# Whistle training



## Bob Jones (Aug 21, 2009)

I have been using a boatswains whistle to signal the goats to gather around me and stand when aggressive dogs are around, and to help them separate from another 'herd' going the other direction on the trail.

This week I was able to whistle them in to where I was hiding. I was about 150 yards away hiding in the brush. When they first heard the whistle, they all stopped and looked around for me. Then they cautiously walked together to about 20 feet from where I was. And then they started calling for me. 

When I showed myself, they walked underfoot until we got out in the open and I started talking to them.
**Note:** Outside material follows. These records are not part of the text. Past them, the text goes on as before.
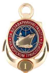
РИСУНОК нагрудного знака отличия «За безаварийную работу на морском транспорте» I степени

Нагрудный знак отличия крепится к одежде при помощи винта с гайкой.
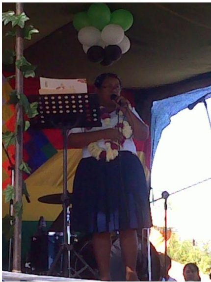
Foto: Ministra de Desarrollo Rural y Tierras Sra. Nemesia Achacollo expresa palabras de circunstancia.
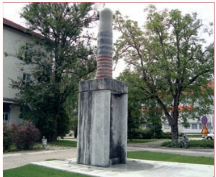
Na Vičavi, na dvorišču nekdanje vojašnice je postavljen spomenik vsem borcem in žrtvam za svobodno Slovenijo.

So I think they are interpreting it as a danger signal. When I started using the whistle I was hoping they would just come running, but I think I like their response.


----------



## jross (Dec 20, 2008)

Who knows what goes on in a goat's mind (is it good to eat? Is it dangerous?). Whatever works. I whistle for my goats, just using my mouth. It's my way of telling them "Come to me, boys". After a couple of close calls with dogs they have learned to come close to me any time there is danger. I like the fact that they come to the whistle. One thing I've also done is use an orange peel as a bribe. They really love orange peels. So when I want them to come so I can mess with their pack or whatever I whistle and wave an orange peel at them. Works most of the time.


----------



## eastcoastpackers (Feb 27, 2010)

I like the whistle ~ may start trying it. I just yell for them, but would like a better way.


----------



## Jayme_Alaska (Jan 4, 2011)

How did you start the training? I'd love to teach my guys to do that.


----------



## jross (Dec 20, 2008)

When they were young and we were out hiking, the goats would sometimes be browsing and ignore me when I wanted to move on. I would whistle, call, and finally give up and get their leashes and start walking. Big PIA. So one day I whistled and said "Let's go boys", and walked off. They ignored me but I kept going and then hid behind a tree where I could see them. Before long they realized I was gone and started getting worried. They started bawling and milling around, not knowing where I had gone. So I whistled, while still hiding. They came running and when I stepped out in the open they were so happy to see me. A couple more episodes like that and two things happened. First, the boys now keep track of where I am, and where each other is, and if I start walking away they will follow me. And if I whistle, especially if they can't see me, they come running. 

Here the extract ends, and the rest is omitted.